**Task directions:** Give back the whole listing exactly as written, pictures excluded.

(Dataset content Opens)

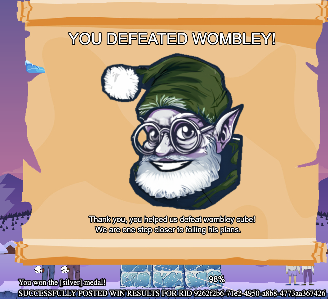 What I find interesting here is the specific wording at the bottom, as if perhaps we could force a win result. After this win, Dusty Giftwrap also hints that we might be able to dive into the game's code for a secret weapon.
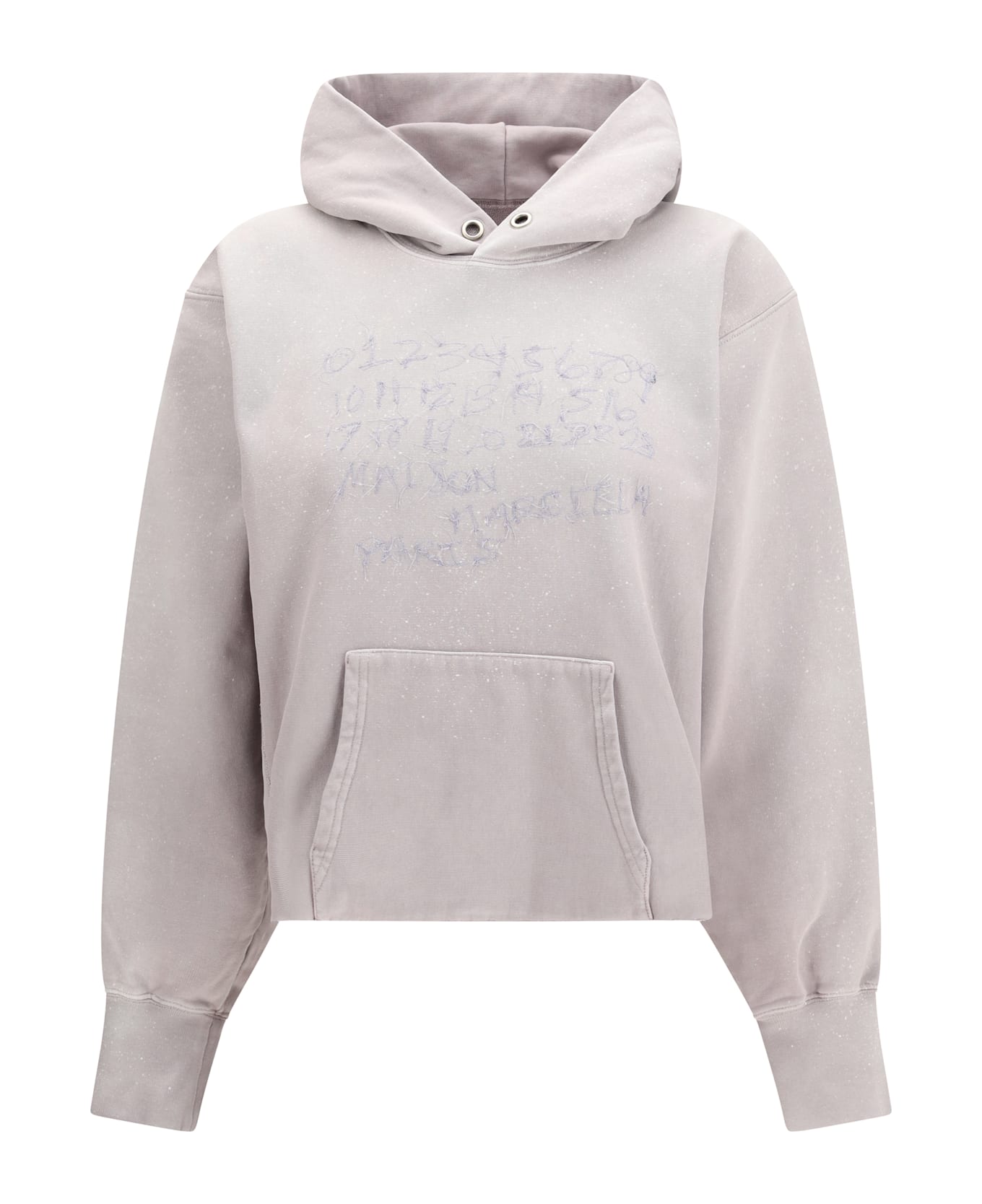 The printed hoodie with adjustable drawstring hood and kangaroo pocket by maison margiela expresses an essential aesthetic with contemporary accents. the graphic print enhances the design with a distinctive visual statement, while the raw-cut hem highlights its deconstructed attitude. comfortable construction and balanced proportions make this sweatshirt by maison margiela a versatile piece with refined urban character.
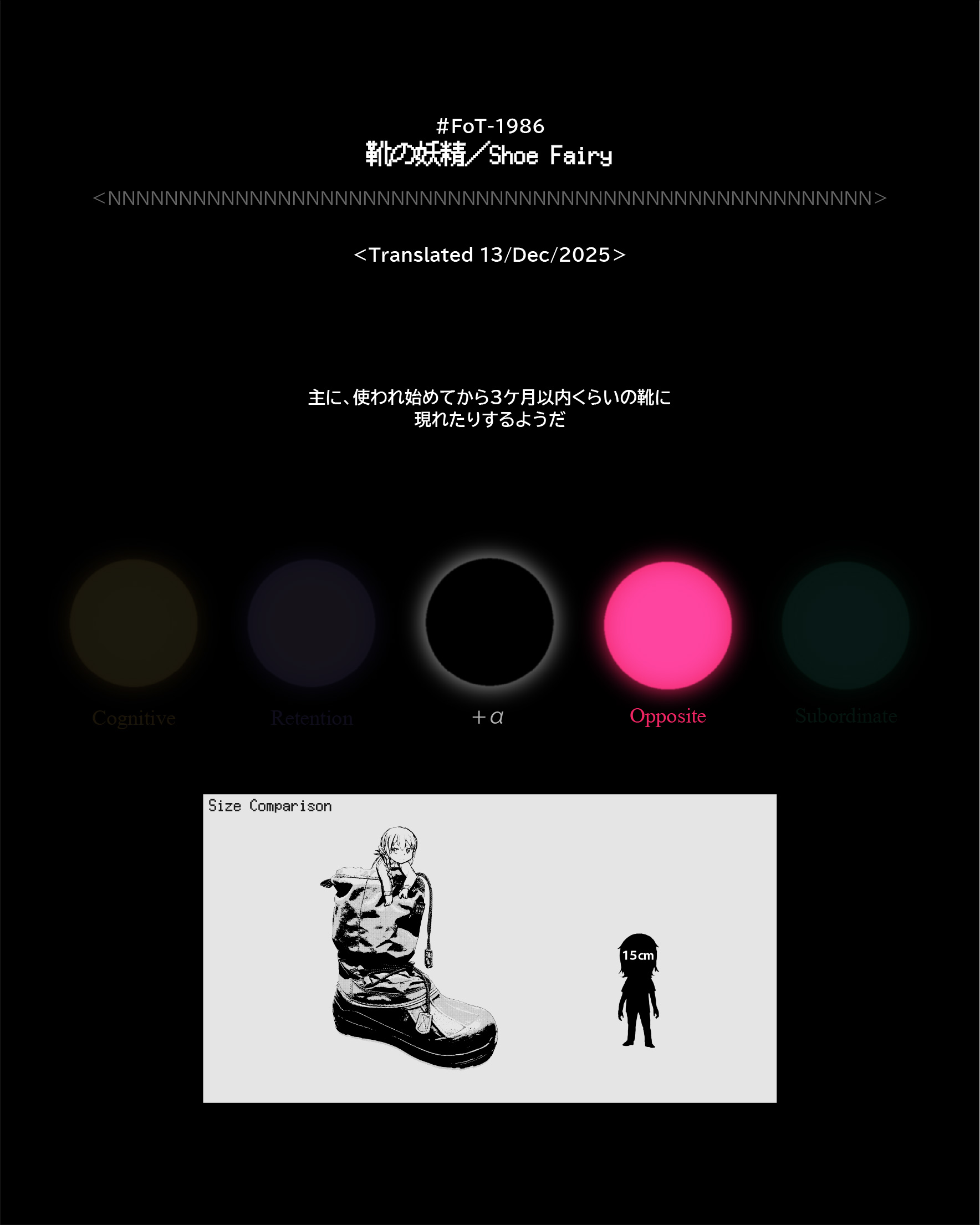 #FoT-1986:靴の妖精/Shoe Fairy カテゴリー: 1900-1999 主に、使われ始めてから3ケ月以内くらいの靴に現れたりするようだ X–N–X X–N–X ↡Shareable #1980-1989 2025年12月13日
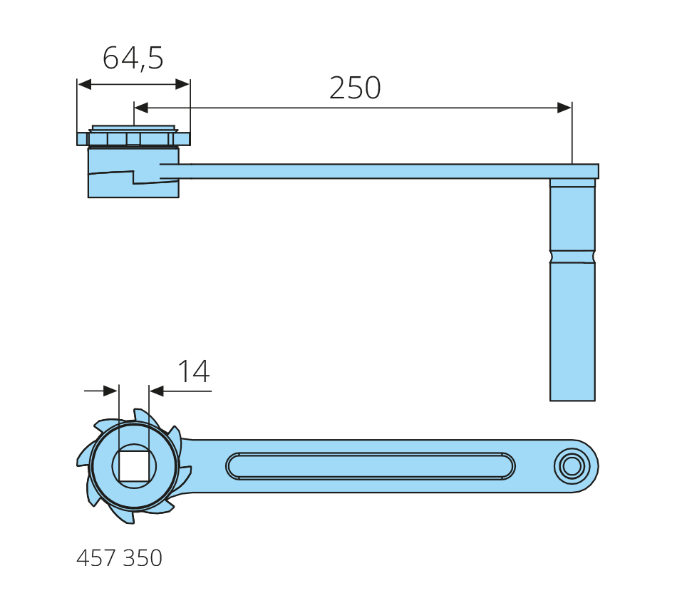 L-250mm, 14mm square, D-64.5mm, galvanized

(Dataset content Closes)

**Result:**
 What I find interesting here is the specific wording at the bottom, as if perhaps we could force a win result. After this win, Dusty Giftwrap also hints that we might be able to dive into the game's code for a secret weapon.
 The printed hoodie with adjustable drawstring hood and kangaroo pocket by maison margiela expresses an essential aesthetic with contemporary accents. the graphic print enhances the design with a distinctive visual statement, while the raw-cut hem highlights its deconstructed attitude. comfortable construction and balanced proportions make this sweatshirt by maison margiela a versatile piece with refined urban character.
 #FoT-1986:靴の妖精/Shoe Fairy カテゴリー: 1900-1999 主に、使われ始めてから3ケ月以内くらいの靴に現れたりするようだ X–N–X X–N–X ↡Shareable #1980-1989 2025年12月13日
 L-250mm, 14mm square, D-64.5mm, galvanized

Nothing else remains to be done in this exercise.